RAISING SUCCESSFUL KIDS The No. 1 vitamin kids in the U.S. ‘aren’t getting enough of’ today: Dietitian and parenting expert

As a dietitian and founder of Kids Eat in Color, one of the most common questions parents ask me is how to tell if their children are getting the right nutrients.

The unfortunate truth is that many kids today don’t consume the proper amount of nutrients that are vital for growth, preventing chronic diseases, and overall health.

Fiber and potassium are two big ones. But the No. 1 nutrient that kids in the U.S. aren’t getting enough of is vitamin D.

How vitamin D deficiency impacts kids’ health

Fifty percent of children ages 1 to 5 and 70% of children ages 6 to 11 have a vitamin D deficiency.

Vitamin D is essential for strong bones and muscles. Without it, our bodies can’t effectively absorb calcium, and we need calcium for healthy bones.

A child with severe vitamin D deficiency can have rickets (a disorder characterized by soft, weak bones) and its associated conditions, including incorrect growth patterns, bone pain and deformities in the joints.

More commonly, when a child does not have enough vitamin D, their immune system may not work properly, or they may constantly feel fatigued or sore.

How to increase vitamin D levels in kids

There’s some debate over how much vitamin D children should consume daily.
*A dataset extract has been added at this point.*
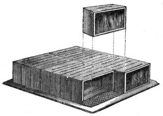 Troughs—Dangers of this Method—Bottle Feeders—Cheshire's Feeding Stage—Neighbour's Can Feeder—The "Round Feeder"—Autumn Feeding—Spring Feeding—Uses of Precautions—Summer Feeding of Swarms—Flour-cake—Barley-sugar or Sugar-cake—Mr. Hunter's Recipe.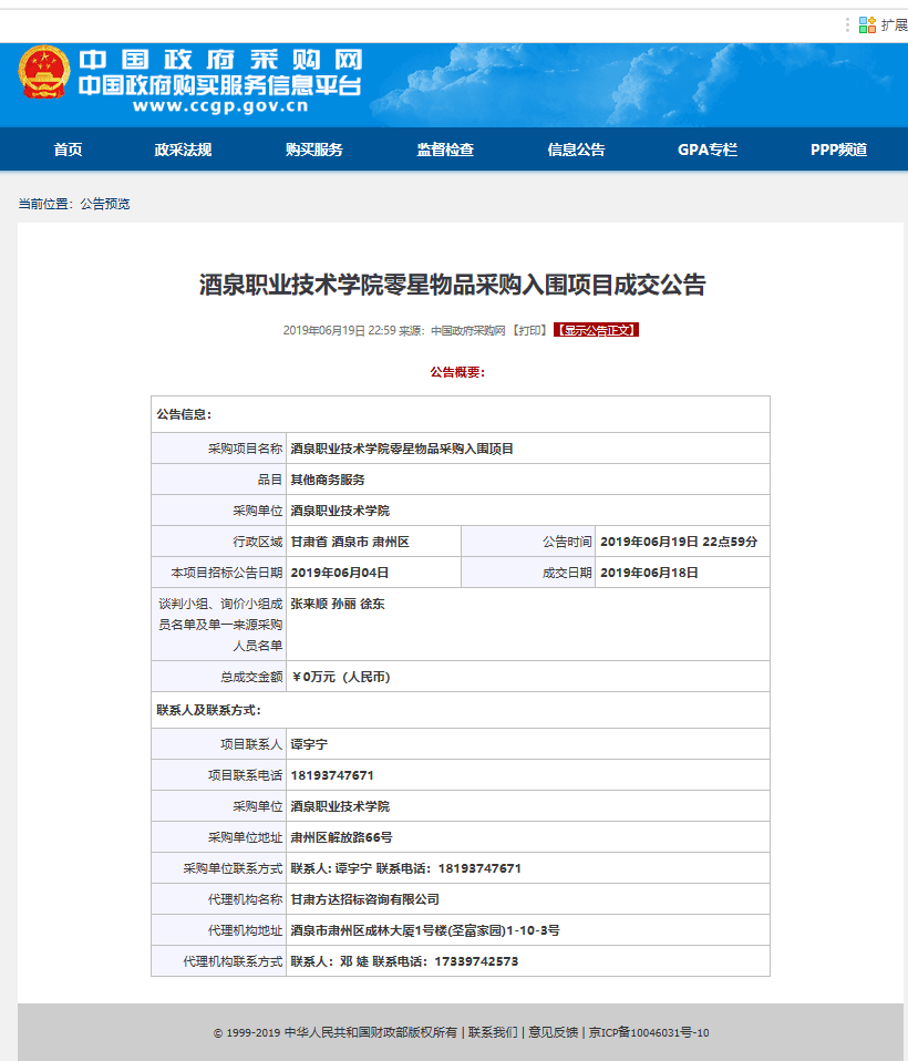 通知公告 > 正文酒泉职业技术学院零星物品采购入围项目成交公告

But the National Institutes of Health recommends 400 International Units (IU) for infants, and 600 IU for kids between ages 1 and 13 years old.

Sun exposure alone often can’t meet the requirements. Here are two ways parents can help their kids get more vitamin D:

1. Food

  • Fatty fish, such as salmon, trout or sardines
  • Beef liver, egg yolks and cheese
  • Mushrooms

Additionally, some fortified foods have vitamin D added to them during processing:

  • Plant-based milks, such as soy, pea or oat milk
  • Dairy milk (grass-fed and raw milk often are not fortified)
  • Orange juice
  • Yogurt
  • Fortified processed foods, such as some cereals

2. Supplements

Many health organizations recommend liquid supplements for infants who consume breastmilk, since human milk alone doesn’t provide enough vitamin D.

Vitamin D drops can be bought over the counter and given to an infant to help them meet their daily requirement of 400 IU.

Keep in mind that large doses of vitamin D can be toxic and lead to adverse health effects. For older children whose vitamin D status is unknown, talk to your healthcare provider about whether it makes sense for them to take a supplement.